TASK GOAL. Reproduce the listing below character for character; drop every image.

INFORMATION PROVIDED.
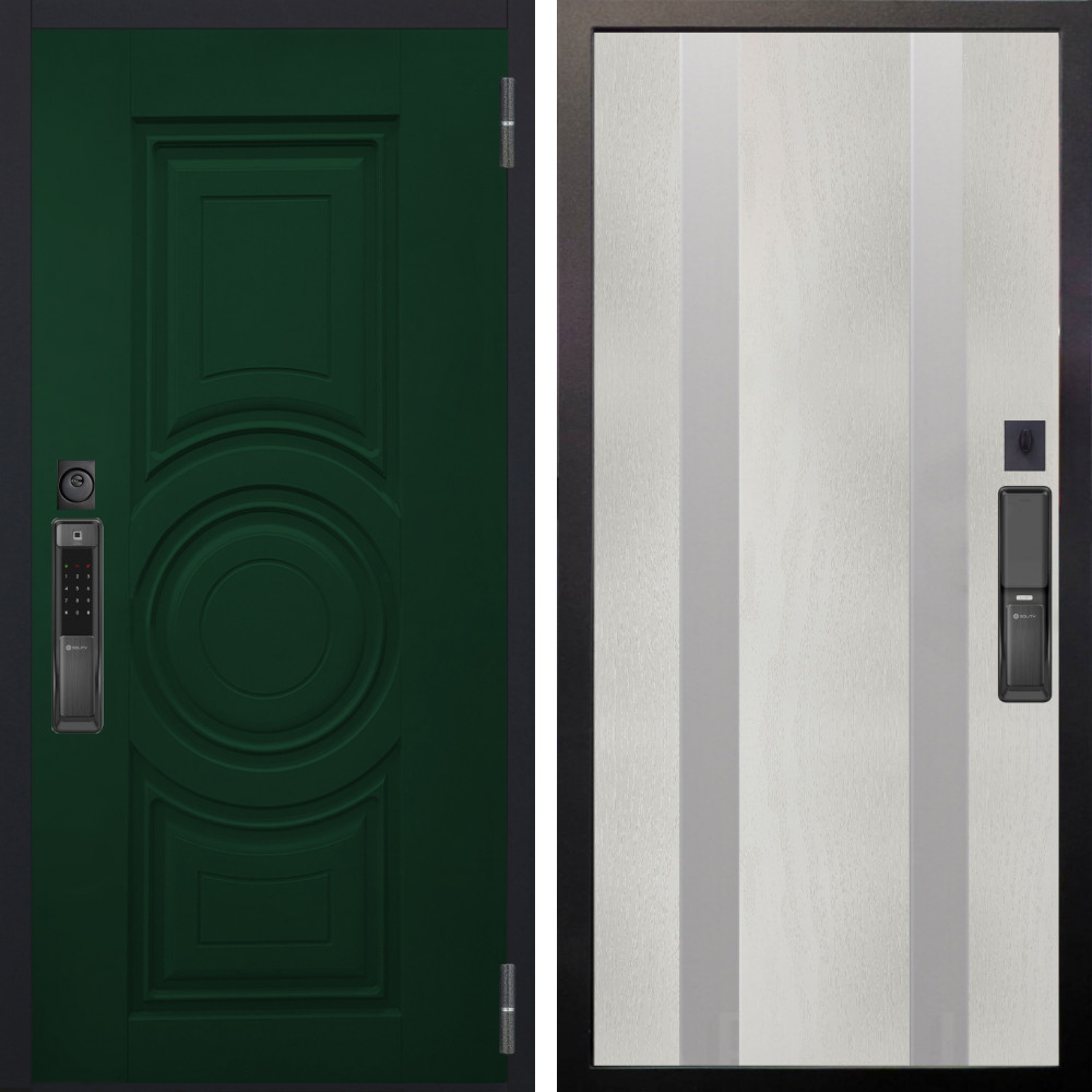 Входная дверь Аргус SMART Бенадир ral 6005 + Дуэт Белое дерево вставки Изабель
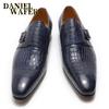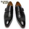 Classic Mens Dress Shoes Genuine Leather Buckle Monk Strap Pointed Toe Wedding Shoes Crocodile Pattern Business Formal Shoes Men
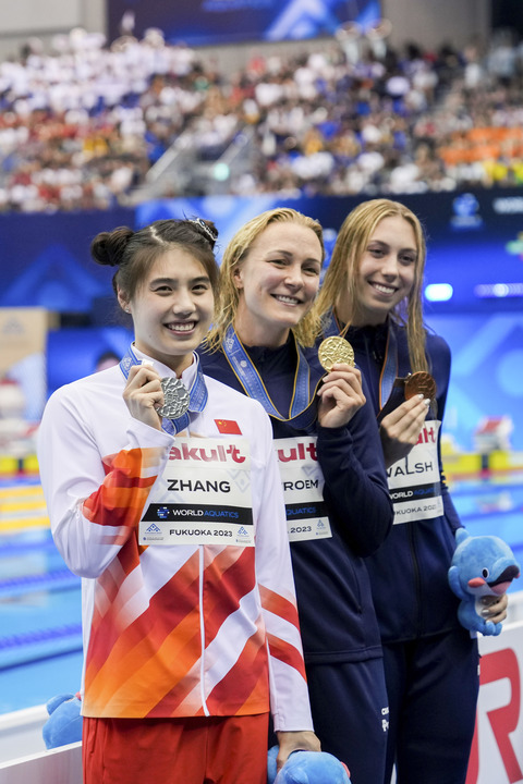 2023年7月29日,在日本福冈举行的2023年世界游泳锦标赛女子50米蝶泳决赛中,中国选手张雨霏(左一)以25秒05的成绩获得亚军,并打破该项目亚洲纪录。新华社记者 张笑宇 摄
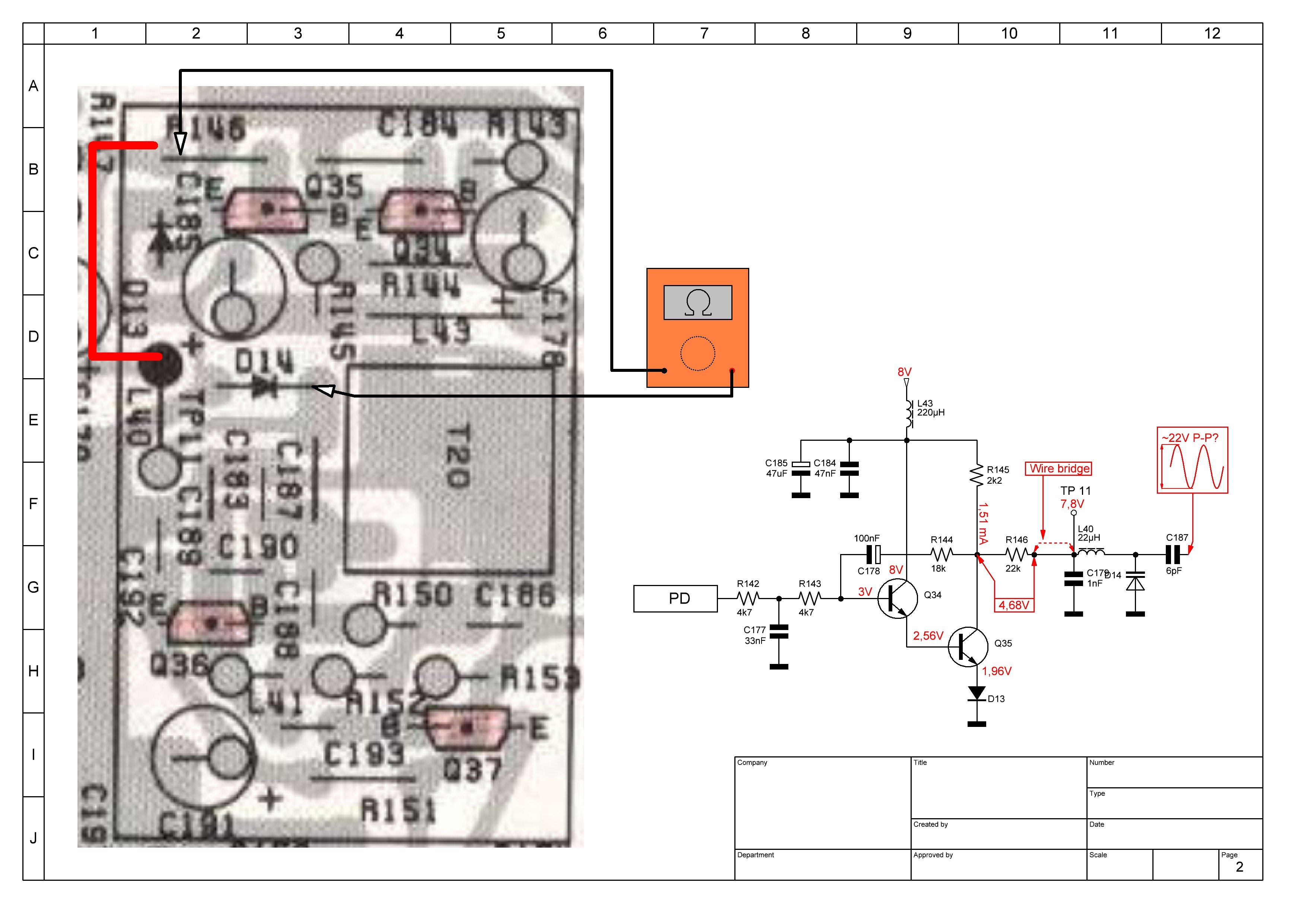 Tech 5 and Brandon: And results of ohms test from D14 cathode to R146. Nothing out of ordinary other then L40 has 0.6 ohms + 0.3 ohms DMM leads = 0.9 ohms as per your diagram I've filled out. The L40 0.6ohms is the only thing adding resistance. I cant see an any anomaly when testing resistance between component legs tied to the TP11 trace either.

EXERCISE ANSWER.
 Входная дверь Аргус SMART Бенадир ral 6005 + Дуэт Белое дерево вставки Изабель
 Classic Mens Dress Shoes Genuine Leather Buckle Monk Strap Pointed Toe Wedding Shoes Crocodile Pattern Business Formal Shoes Men
 2023年7月29日,在日本福冈举行的2023年世界游泳锦标赛女子50米蝶泳决赛中,中国选手张雨霏(左一)以25秒05的成绩获得亚军,并打破该项目亚洲纪录。新华社记者 张笑宇 摄
 Tech 5 and Brandon: And results of ohms test from D14 cathode to R146. Nothing out of ordinary other then L40 has 0.6 ohms + 0.3 ohms DMM leads = 0.9 ohms as per your diagram I've filled out. The L40 0.6ohms is the only thing adding resistance. I cant see an any anomaly when testing resistance between component legs tied to the TP11 trace either.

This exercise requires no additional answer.